The Heart of Atlanta Motel was situated next to a Georgia interstate and served mostly out-of-state guests. The motel sued the government, seeking a declaratory judgment that Congress did not have authority under the Commerce Clause to pass the Civil Rights Act. The motel also alleged due-process violations over the deprivation of its right to choose its guests.

In Heart of Atlanta Motel, Inc. v. United States, 379 U.S. 241 (1964), the United States Supreme Court was faced with the question of whether Congress could constitutionally bar racial discrimination in places of public accommodation.

The Court held that Congress’s commerce power extended to the regulation of local incidents of commerce that have a substantial relationship to interstate commerce.

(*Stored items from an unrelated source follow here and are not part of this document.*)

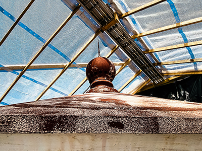 A rarely-viewed close up look at the cupola and ventilator ball of Wisconsin’s Plum Island Rear Range Lighthouse during the restoration of the tower. Back to the edition of: Jul/Aug 2021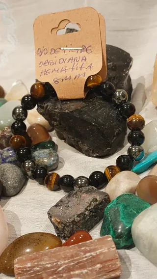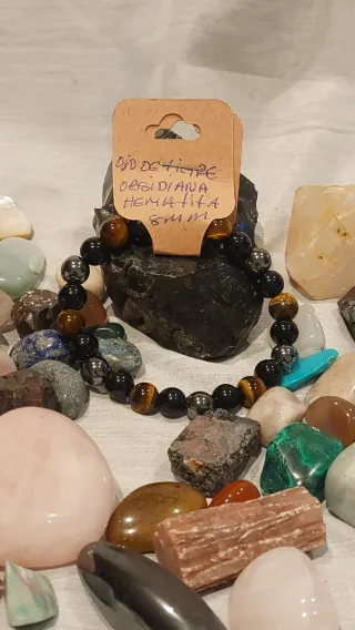 Pulsera de piedras naturales con cuentas de 8mm.Combinación de obsidiana, ojo de tigre y hematita. - Diseño para protección personal.Ojo de tigre: fomenta la confianza, el enfoque y el coraje para alcanzar tus objetivos. Obsidiana: actúa como un escudo protector, eliminando energías negativas y bloqueos emocionales. Hematita: equilibra mente, cuerpo y espíritu, aportando estabilidad y serenidad.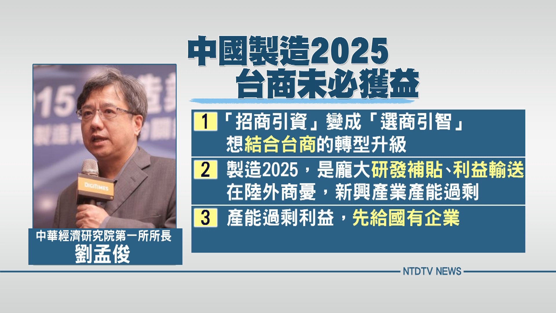中華經濟研究院第一所所長 劉孟俊:「中國製造2025,其實它本身是一個大量的研發補貼,是一個很大的利益輸送的管道。一旦啟動,可能對新興產業造成,所謂產能過剩一些問題。它會把產能過剩這任務交給台商嗎?或把這利益,會跟台商綁在一起嗎?我看未必,它可能首先會照顧,它地方的國有企業」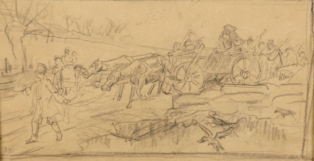Zeichnung mit Pferdekarren und Bauernvolk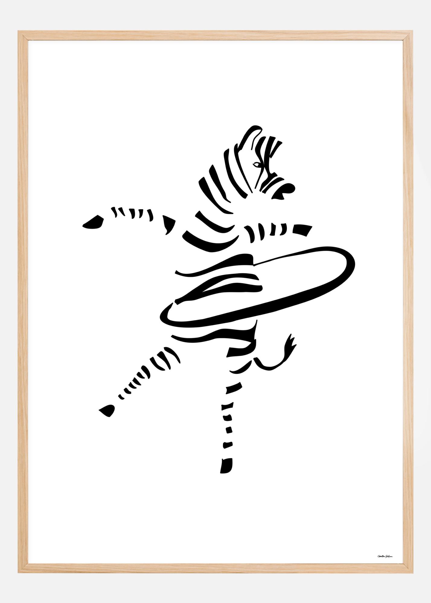 Minimalistlik tantsiva sebra portree. Valgel taustal moodustavad mustad pintslitõmbed oskuslikult sebra kuju. See armas sebra seisab tagajalgadel ja tantsib rõngaga. Lihtne, kuid lõbus poster, mida riputada lihtsale seinale.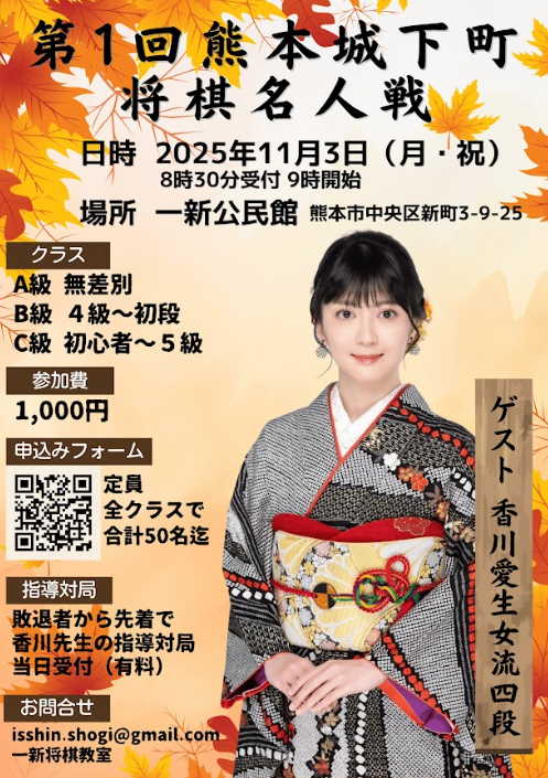 【開催案内】第1回熊本城下町将棋名人戦(熊本県)
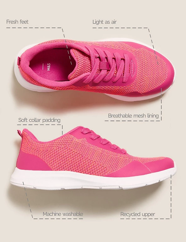 The clever Light As Air™ design and breathable knitted uppers of these kids’ trainers make them ideal footwear for active days. Secure lace-up design, with soft padded collars that protect the ankles. Our Freshfeet™ treatment helps tackle odour-causing bacteria. When these trainers are in need of a clean, simply pop them in the washing machine. Contains recycled materials.

The Civil Rights Act’s legislative history made clear that Congress had concluded that racial discrimination in places of public accommodation discouraged black people from traveling and participating in interstate commerce. Thus, Congress had the constitutional authority to bar such discrimination.

Though there was some debate in the concurrences over whether Congress’s authority to pass the Civil Rights Act was derived from the Commerce Clause or the Fourteenth Amendment, the decision clearly affirmed Congress’s authority to prohibit racial discrimination by private businesses operating in interstate commerce. For that reason, Heart of Atlanta Motel remains a landmark civil-rights case.